Kathy Crosby: They all associated poor credit and poor credit scores with way in the future and that’s not going to be relevant to me because I’m going to be making so much money that it doesn’t really matter what I do now.

A recent study found 90 percent of college students have credit cards. More than half of them rack up $5,000 in credit card debt while in school.

Crosby says the new ad campaign warns what can happen if they have bad credit. Future employers could turn them down. They could find it difficult to buy a car. Or, as in this ad, even to find a place to live:

Woman 1: Thank you so much for showing me another apartment. That last apartment looks more like a tool shed.

Woman 2: That’s because it was a tool shed dear.

The ads got the thumbs up from some students like UC Berkeley junior Andrew Parero.

Andrew Parero: I have friends — I’m 22 — and I have friends who are already in pretty bad debt with credit cards and I’ve just been like, I don’t have one. That’s my solution. I don’t even want that temptation.

Not everyone’s lucky enough to be able to live without a credit card. Imari Childs is a senior at Berkeley. He says the ads didn’t resonate with him because they showed kids overspending on things like snowboards.

Imari Childs: It made it seem as though students were getting things that were frivolous and that wasn’t necessarily needed, when my experience when using credit cards was things that were necessities.

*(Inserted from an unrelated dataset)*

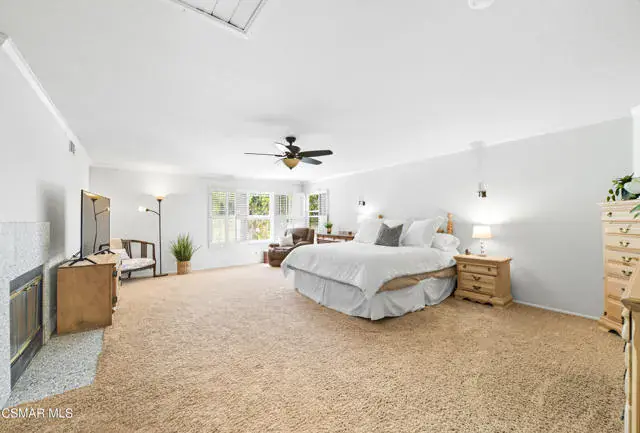 Located within the prestigious guard-gated community of Chanteclair in Thousand Oaks, this expansive 5-bedroom, 4-bathroom home offers 3,354 sq ft of beautifully designed living space and is move-in ready. The remodeled chef’s kitchen features quartz countertops, a large center island, custom cabinetry, double ovens, and a gas range–opening seamlessly to the spacious family room with built-in bookcases, surround sound, fireplace, and custom bar, perfect for everyday living and entertaining. High ceilings and rich hardwood floors enhance the formal living and dining rooms, creating a warm and elegant atmosphere. A main-level bedroom and full bath provide flexibility for guests, multi-generational living, or a home office. Upstairs, the oversized primary suite impresses with a double-sided fireplace, sitting area, and a luxurious ensuite bath with dual sinks, soaking tub, walk-in shower, and large closet. Three additional bedrooms and a full hall bath complete the second level. Enjoy the privacy and security of a gated neighborhood close to parks, scenic trails, and top-rated Conejo Valley schools. With its ideal floor plan, prime location, and turnkey appeal, this home delivers exceptional value in one of Thousand Oaks’ most sought-after communities.

Childs says he built up $4,000 in debt from buying food and train passes. He had to take a year off school to pay the debt down. Childs says he’d like to see campuses offer to teach students about credit.

Robert Bugai writes about credit card marketing. He says the credit card companies do offer some education but not much.

Robert Bugai: The money spent to let students know more about how to manage their money is very small. It’s pocket change compared to the actual marketing of credit cards to students and it’s always been that way.

But times do change. The Ad Council’s Crosby points out that the headlines recently have shown clearly the dangers of binging on credit.

Crosby: Well, as we like to say, this is certainly a teachable moment.

She says all the news about Wall Street’s woes may make students more receptive to an ad campaign warning them about the dangers of debt.

In Berkeley, I’m Rachel Dornhelm for Marketplace Money.